### Problem requirements
Give back every line of the material below exactly, but no images.

### Dataset content
»»
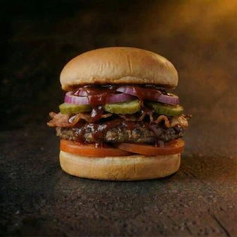 Говяжья котлета с ароматным беконом, свежими томатами и хрустящим огурцом. Красный лук и насыщенный соус барбекю придают бургеру яркий, слегка дымный вкус.
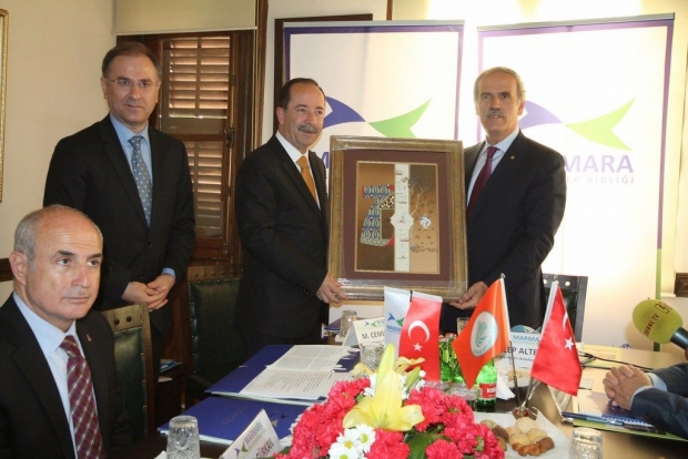 Marmara Belediyeler Birliği Başkanı Recep Altepe günün anısına Edirne Belediye Başkanı Recep Gürkan'a ahşap üzerine Sedef çalışması hediye etti. Marmara Belediyeler Birliği Encümen Toplantısı basına kapalı olarak devam etti.
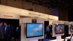 先ずは、3D関連の話をまとめていこう。昨年の会場の様子と比較すると、3Dの進展には製品分野ごとの温度差がそれなりにある。まず、薄型テレビは、“メガネ付き”の3Dテレビはあって当然のものとなり、ブース内で特別にハイライトされている感は少ない。3Dは技術そのものというよりは、放送などコンテンツとの関わりをアピールする方向にシフトしている。
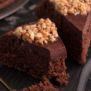 Ingredienti per 8 persone: 120 g di burro, 200 g di cioccolato fondente, 1 bicchierino di cognac, 90 g di farina, 1 cucchiaino di miele, 50 g di nocciole, purè di 4 albicocche, 4 uova, 1 stecca di vaniglia, 1 decilitro di panna fresca, 90 g di fecola di patate, 250 g di zucchero, 1/max 2 bicchierini di maraschino;250 g di cioccolato amaro per la copertura
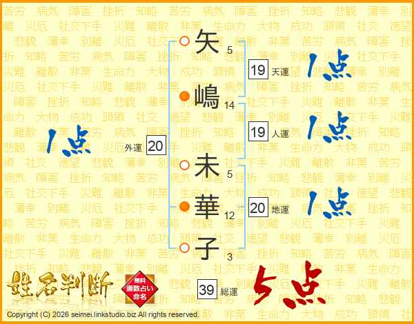 矢嶋未華子さんの総運は39画の5点!
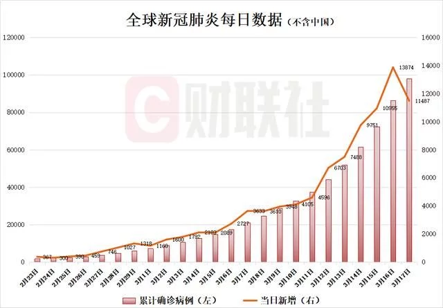 | 「3月17日」除中国外新增确诊病例下滑至11487例 | |||
««
### Solution to this problem
 Говяжья котлета с ароматным беконом, свежими томатами и хрустящим огурцом. Красный лук и насыщенный соус барбекю придают бургеру яркий, слегка дымный вкус.
 Marmara Belediyeler Birliği Başkanı Recep Altepe günün anısına Edirne Belediye Başkanı Recep Gürkan'a ahşap üzerine Sedef çalışması hediye etti. Marmara Belediyeler Birliği Encümen Toplantısı basına kapalı olarak devam etti.
 先ずは、3D関連の話をまとめていこう。昨年の会場の様子と比較すると、3Dの進展には製品分野ごとの温度差がそれなりにある。まず、薄型テレビは、“メガネ付き”の3Dテレビはあって当然のものとなり、ブース内で特別にハイライトされている感は少ない。3Dは技術そのものというよりは、放送などコンテンツとの関わりをアピールする方向にシフトしている。
 Ingredienti per 8 persone: 120 g di burro, 200 g di cioccolato fondente, 1 bicchierino di cognac, 90 g di farina, 1 cucchiaino di miele, 50 g di nocciole, purè di 4 albicocche, 4 uova, 1 stecca di vaniglia, 1 decilitro di panna fresca, 90 g di fecola di patate, 250 g di zucchero, 1/max 2 bicchierini di maraschino;250 g di cioccolato amaro per la copertura
 矢嶋未華子さんの総運は39画の5点!
 | 「3月17日」除中国外新增确诊病例下滑至11487例 | |||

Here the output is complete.